• Recorded information:
Segment Open

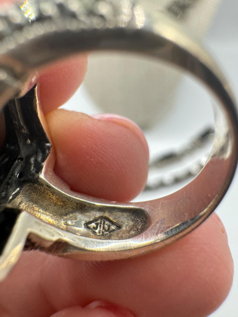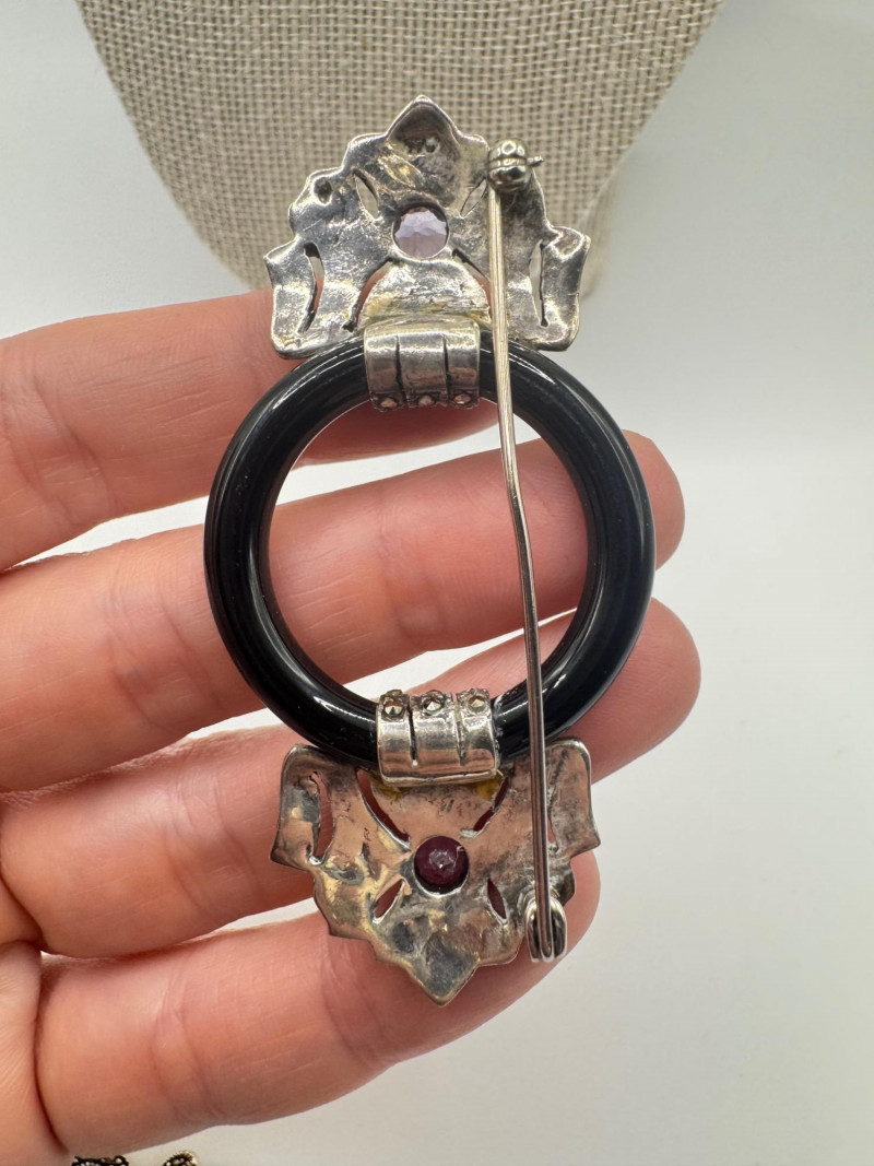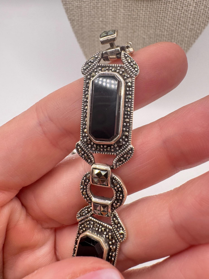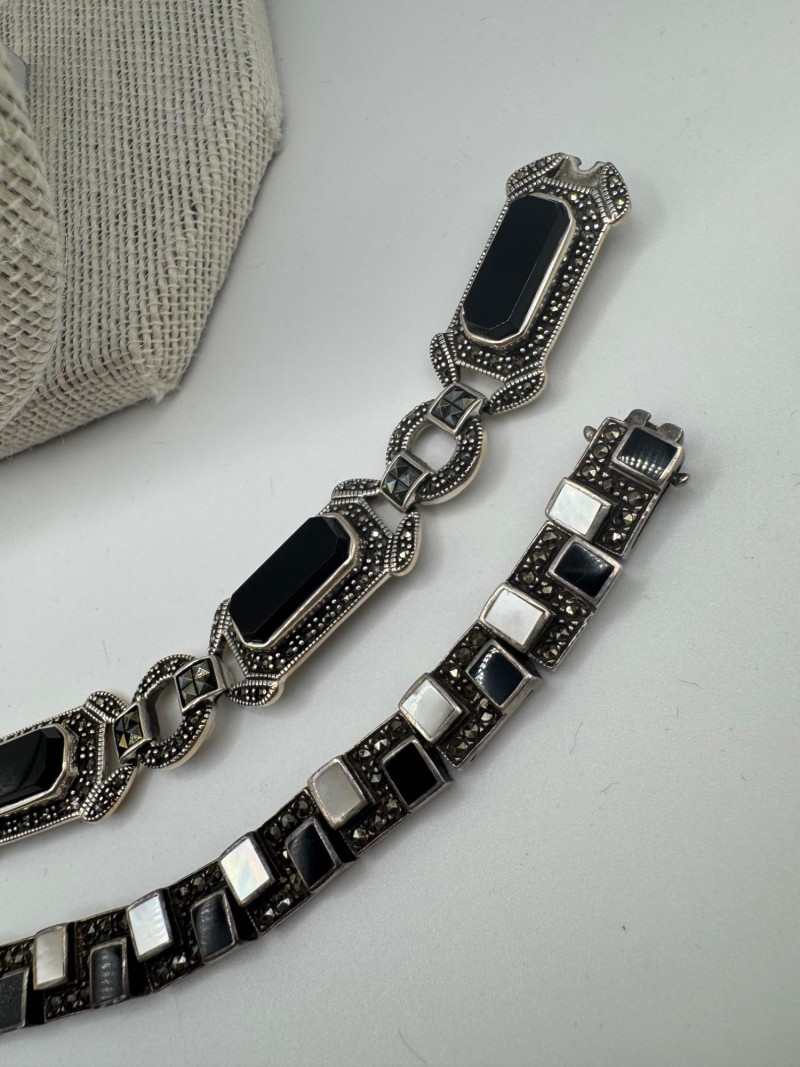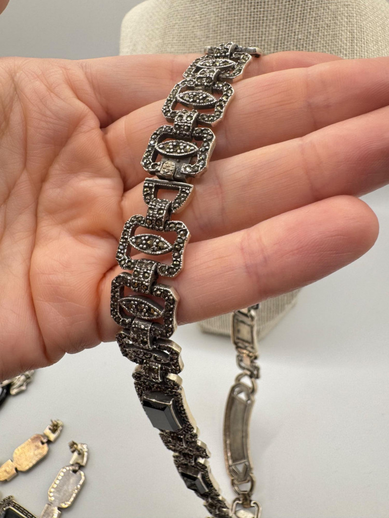 Sterling Silver Marcasite Jewelry Set w/ Onyx, MOP & Amethyst 127.44g
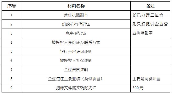 2、 凡有意向參加投標者,請在上述期間內按下表提供報名資料,相關證明文件的原件如無法提供原件則提供復印件加蓋公司公章,投標人須將上述資料的掃描件發郵件至招標聯系人處進行報名。
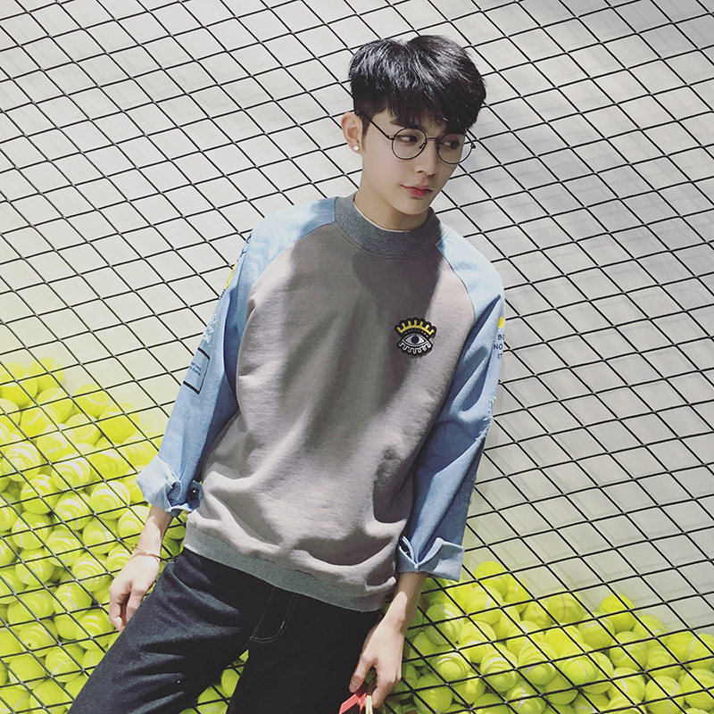 / 男裝牛仔拼接韓版寬松卡通男士衛衣插肩袖套頭衛衣

Segment Closed

• What is expected:
Output verbatim the lines beginning at the line with "2、 凡有意向參加投標者,請" and ending at the last line of the material above, inclusive. Do not carry over any pictures.

• Completed task:
 2、 凡有意向參加投標者,請在上述期間內按下表提供報名資料,相關證明文件的原件如無法提供原件則提供復印件加蓋公司公章,投標人須將上述資料的掃描件發郵件至招標聯系人處進行報名。
 / 男裝牛仔拼接韓版寬松卡通男士衛衣插肩袖套頭衛衣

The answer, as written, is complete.